Eating From Around the Corner
By Molly Johnson

“My commitment to eating locally is probably driven by three things. The first is the taste of live food; the second is my relation to frugality; the third is my deep concern about the state of the planet.” Penned by Joan Dye Gussow, a nutritionist at Columbia University in New York, these words reflect exactly why I am becoming even more of a local food junkie on this trip. Over the course of our Food Unit, we stayed in two agricultural villages in Northeastern Thailand and learned from villagers, NGOs, hospitals, and even an herbal medicine man about the benefits of switching to organic agriculture. To be honest, I had never given too much thought to it. I knew organic avocados were usually about a dollar more at the grocery store near TCU’s campus, but that was the extent of my knowledge.

However, for these Thai families in farming communities, making the switch to organic is not simply some bourgeoisie attempt at jumping on the Go Green bandwagon. The chemicals previously used in their agriculture were showing up in their blood, causing skin rashes, and devastating the local soil. Going organic was not about paying a dollar more for an avocado, but it was about making a sustainable choice to benefit the family and the environment. The first few years of switching to organic agriculture can be more than a little discouraging as the soil works to adapt, but eventually crop yield can as much as double its original size. Organic agriculture may be caught up in legalities and hidden marketing tricks in the United States, but with a little research we can all start making informed decisions that are healthier for our bodies and for our planet.

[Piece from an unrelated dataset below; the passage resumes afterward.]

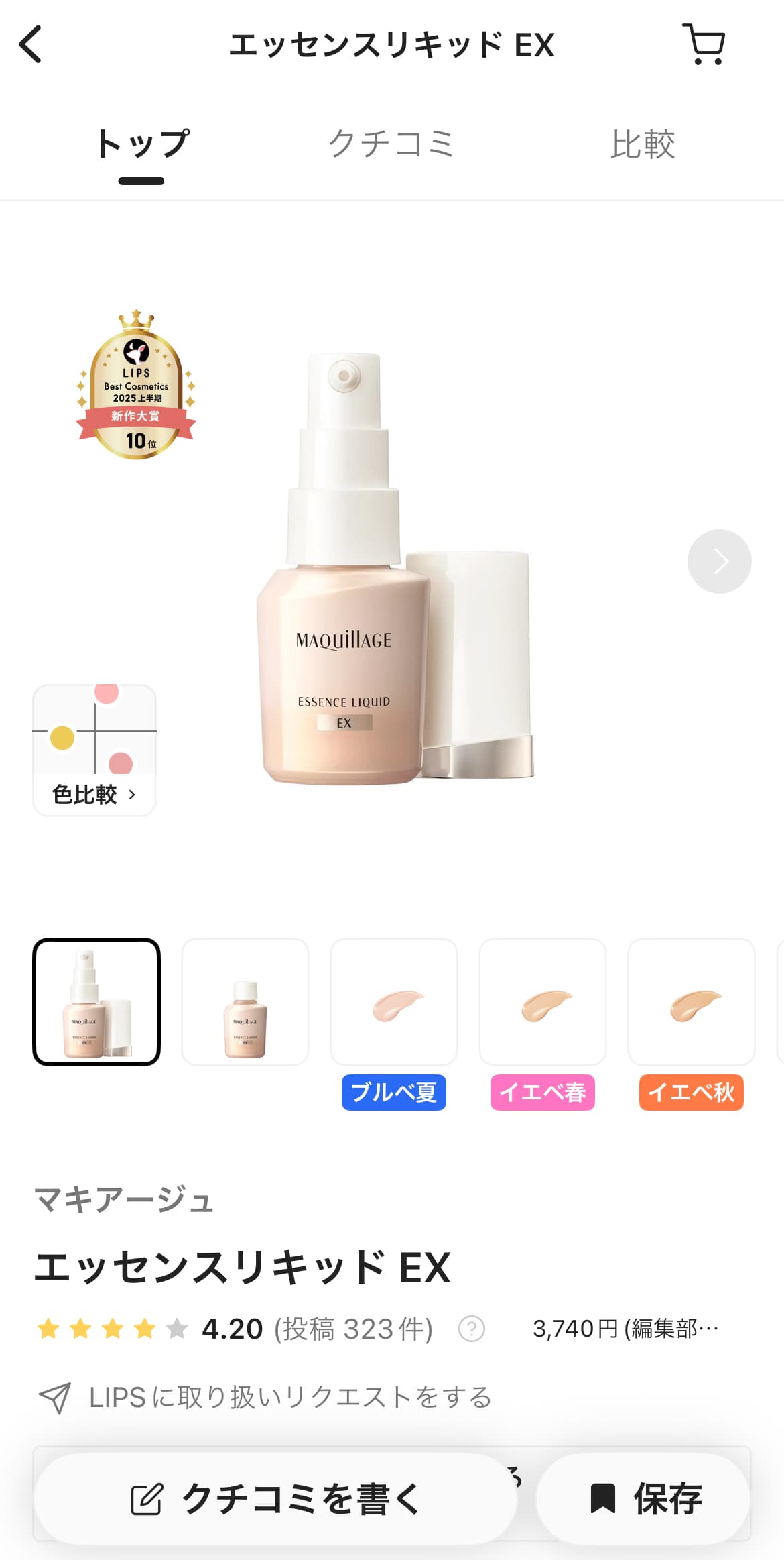 LIPSで商品を検索すると、商品の詳細や色展開はもちろん、ユーザーのクチコミやレビュー、商品の評価が一目でわかります。実際に使用した感想や化粧持ち、どんな肌質におすすめかといった情報を画像つきで細かく記載しているユーザーが多く、購入する際の参考になりますよ。

From working at a farmer’s market back home in St. Louis, I learned the importance of local food. By supporting locally grown produce, the consumer provides an income to fellow community members, cuts down on the fuel and pollution used to transport food across the country or across the world, and takes pride in their neighborhood. Now when I return back to school in May, I plan on taking pride in my state, taking care of the environment, and buying that Texas-grown organic avocado on my first trip to the grocery store.

While I've been interested in Teach for America since high school, being here has also gotten me very excited about a new start-up called Food Corps that takes newly-minted college grads into elementary classrooms to help start gardens, teach nutrition lessons, and bring healthy alternatives into the cafeteria.  It's SOOO awesome!

Also, while we're on the subject of food, this is the aisle at the grocery store solely for rice and oil.
Classic. Thailand.

I guess it's a true sign you're becoming a local when you recognize people as you're out and about! As Brenna, Taryn, Hadley, and I were eating eggrolls at Walking Street (the Saturday night market in Khon Kaen), Brens and I heard our names from the crowd and our siblings from our very first homestay came running towards us! Seeing Kim and Po Neem again made my heart BEAM and it was absolutely precious to get to share ice cream cones with them while attempting to catch up in Thai. Further proof my Thai language skills still need a LOT of work...


 I am an emotional being and am not quite yet emotionally ready for my "goodbye Thailand" post, but I know it looms.... BAHHHH. Good talk. :)

Saturday, April 14, 2012

songkran means new year.

I've barely been back in Khon Kaen for 24 hours and over 500 people have touched my face. Um what?!?! That's because today, yes TODAY, is part of the Thai New Year known as Songkran! You see, here in Thailand, the year is actually 2555 (that's right, it's not 2012) and New Years is April 13-15 (not the last day of December). But it gets better. Instead of dressing up and gathering around the champagne and Dick Clark/Ryan Seacrest annual show like we do in the States, Thailand does it alllllll differently.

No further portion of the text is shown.